Getting Started with RStudio, Part 2
This post is one of a series of posts on Open Source.
Aug 6, 2018
This article is part 2 of a series exploring the basics of importing and analyzing data in RStudio.
In a previous post we introduced the R programming language, RStudio as a development environment, and examined rainfall data for May. The data we analyzed was stored in Google Docs. We used some functions to pull the data into our work environment, and displayed the data over time using a line graph. In this post, we’re going to make an improvement to this analysis. Specifically, we’re going to streamline the way we access weather data.
Using Data APIs
Arguably, the most critical step to analyzing data is getting data! To conduct analysis in our previous post, I found some data online, manually entered it into a spreadsheet in Google Docs, and then used R to access the data for analysis.
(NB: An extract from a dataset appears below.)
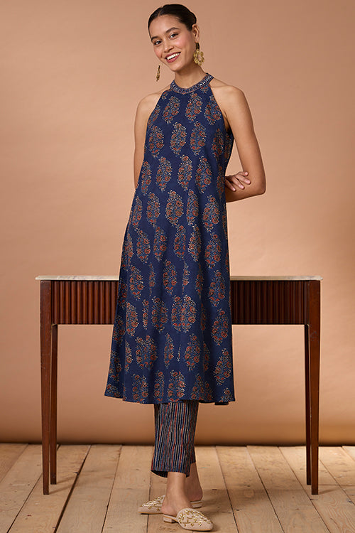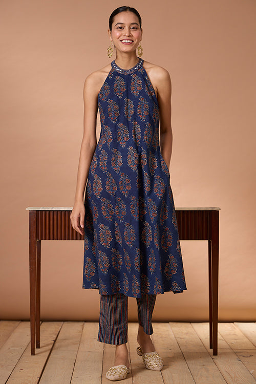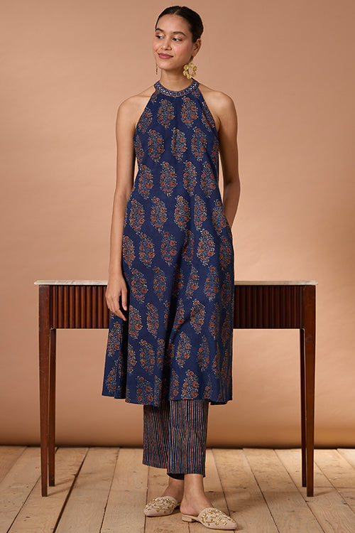 We are here to give you princess treatment by decking you up in our “Evening Lily” Kurta Pant Set. Paying homage to the old traditions of Kutch and Sindh, the dark blue pure cotton canvas boasts exquisite hand-block printed floral motifs. Channel your feminine energy with the flattering haltered neck kurta and a glimpse of your back with Potli buttons for closure. Drawing your eyes to the intricate hand embroidery work, the neckline is embellished with square-shaped mirrors with running and laisy daisy stitches. The pair of pants, in an amusing striped print, come with darts at the front and elasticated at the back. Ditch your purse for you can store your essentials in the 2 pockets of the kurta. With some statement earrings, juttis, and our “Evening Lily” on, you are set to look absolutely ethereal!

This is a useful method to understand, as sometimes a doc can be a quick and simple way to store and manage data. But is this really practical for our use case? Probably not. That’s actually quite inefficient!
Weather data is collected by many organizations around the world, and there are a handful of useful ways to access it. One of the most common ways to access data collected and managed by someone else is through something called an application programming interface (API). APIs actually do many things, offering a whole host of services to developers, but in this case, we’re going to use an API that serves data.
The Power of Libraries
To access this API, we’re going to use a library, or package, similar to the one we used to access Google Sheets. If you review the last post, you’ll remember the point at which we “installed” something using the command “Install.packages()”. In this case, we’re going to install a library called “RWunderground,” a way to connect your RStudio environment to the Weather Underground data.
Now that you have this installed, let’s look at the documentation. Looking through the documentation we can see that, using R, we can collect a lot of data! Let’s keep things simple, and collect weather data for the past week.
WashingtonDC <- set_location(zip_code = 20036)
Week <- history_range(WashingtonDC, date_start = “20180730”, date_end = “20180806”)
Before we move forward, let’s look at this code. The weather API first asked us to define a location, so we defined a variable called “WashingtonDC” using the “set_location()” function. Then we created a new variable called “Week,” and asked the API to send us data from a seven-day range, starting on July 30 and ending on August 6.
This works, but there’s one slight problem. Every time we run this function, it will show us the same week time span. What if we wanted to create a function that ALWAYS shows us the past week? To do that, we need to create two new variables: 1) today, and 2) seven days ago.
Today <- sys.date
LastWeek <- sys.date() – 6
The code above uses the “sys.date” command in R, which returns today’s date, to create a variable called “Today.” Then we created a variable called “LastWeek” using the same command, minus six days. Now we can re-write our “Week” function to include these new variables. Let’s rewrite our API call and run it.
Week <- history_range(WashingtonDC, date_start = LastWeek, date_end = Today)
Much Better! Notice how we replaced the start and end dates with our new variables? Now we can take a look at our data.
Voila! We now have a dataframe with seven days’ worth of weather data broken down by the hour! Now we can create graphs that update on their own, showing the last weeks’ worth of weather. Let’s use the same plot function we used in the last post and see how much rain Washington, D.C., has experienced over the past week.
plot(Week$precip, x = Week$date, xlab = “Date”, ylab = “Rainfall/hour (Inches)”, type = “l”, main = “Rainfall in Washington DC”, col = “Blue”)
If you compare this graph to the one we made last time, you may notice a few differences. We’ve improved our titles, and added some color.
What we’ve done is some nice descriptive analysis. Now that you know how to access historical weather data, how would you compare total rainfall this month to last month, or even last year? Maybe give it a try!